Con ese pensamiento ambiguo de alegría y melancolía revolvió la caja en busca de sus fotos de casamiento y las del nacimiento de su hija. Pero encontró otra cosa, unas pequeñas fotografías en un papel más grueso. Las instantáneas sacadas con la polaroid. Qué recuerdos vinieron a su mente. Su madre había comprado la cámara polaroid con su sueldo de gerente en una empresa de ventas, era la última tecnología de la época. La cámara tomaba la foto y la largaba por abajo instantáneamente, debías agitarla y esperar unos minutos y la imagen comenzaba a aparecer como por invocación de una brujería. Que alegría tenían al probarla, ya no más acumular rollos que nunca se revelaban o esperar a que la casa de fotografía pudiera procesar en un cuarto oscuro esos recuerdos tan queridos.
Lo recordaba como si hubiese ocurrido ayer, foto familiar, foto de ella en la fuente de la plaza central, foto de sus hermanos haciendo caras raras, foto de su primo con el perrito que le había regalado papá, foto de papá y ella abrazados en la terraza de su casa, foto de toda la familia posando amistosamente.
"Ya no más acumular rollos que nunca se revelaban o esperar a que la casa de fotografía pudiera procesar en un cuarto oscuro esos recuerdos tan queridos".

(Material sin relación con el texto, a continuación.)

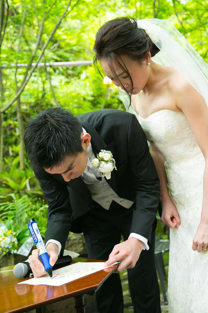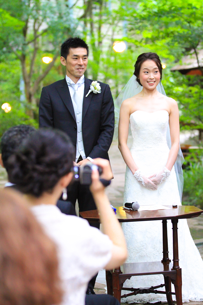 メールを見返してみると、初めておふたりとお会いしたのが昨年の10月でした。それから年末に改めてお会いして、挙式当日まで長かったようで、あっと言う間でした。途中地震があって、予定が変更になってしまった部分もありましたが、当日は余震も無く、ゲストの皆さんにも喜んで帰っていただけたようですので、私どもも喜ばしい限りでした。今思い返してもおふたりと過ごした時間はどの瞬間も光り輝いて、私にとっても大変思い出深いです。
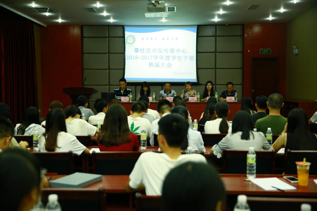 6月18日晚,我校传媒中心2016-2017年度干部换届大会在办公楼四楼附楼会议室召开。 传媒中心新老学生主任分别发言。发言肯定了过去一年传媒中心学生工作开展得有条不紊,工作成效明显,为学校各项事业发展提供了有力的舆论支持。新任学生主任向指导老师及老干部致谢,表示新一届的传媒中心干部将会继承发扬传媒中心老干部的优良作风,并在此基础上搭建新舞台,开创新局面,努力提升学校宣传工作水平。 会议宣读了关于表彰2016-2017年度“优秀传媒组织”“传媒之星”和关于任命传媒中心学生干部的相关文件。 宣传部负责人作重要讲话。他希望同学们提高认识,勇于担当,提高对传媒中心工作性质的认识,将党的声音传播到广大师生的心坎上去;坚持原则,严守纪律,坚守党性原则,维护组织形象;努力学习,提高能力,在工作中逐渐成熟,卓越成长。 参加会议的还有传媒中心指导老师,传媒中心新老干部及骨干成员。  大会现场 (摄影 张媛媛 谢恒) |

Cuando los dedos de Paula tomaron las fotos, la verdad se reveló, las instantáneas se borraban con el paso del tiempo, se iban desdibujando desde los bordes hasta copar toda la imagen. Quizás por eso no prosperó el aparato y hoy casi ningún joven lo conoce. El encargado del laboratorio de revelado debía estar sonriendo. Creyeron ganarle en tiempo y dinero pero con los años sólo les quedó un pedazo de papel marrón, sin sentido alguno. Los rostros sonrientes de sus hermanos, las facciones de juventud de sus padres, casi olvidadas por la actualidad, su propio rostro no era más que una mancha en un lienzo descolorido y sin vida.
Entre su tristeza y la pérdida parcial de sus recuerdos, entendió que la vida era eso, una enorme polaroid largando instantáneas. Una sucesión de momentos que se van desdibujando una vez vividos, se van perdiendo en las redes del tiempo y sólo queda tierra, barro, polvo.
Se levantó de un salto de su silla y sin siquiera guardar las fotos en la caja, buscó su piloto, se calzó las botas de lluvia y salió, a disfrutar de estar viva, a sentir el pellizco suave del agua, a saludar a sus vecinos por las ventanas, a encontrarse con algún familiar o amigo o a sentarse sola en un café a disfrutar de las medialunas tibias. Porque la vida es eso, vivir, antes de que se empiecen a desdibujar los márgenes de la foto.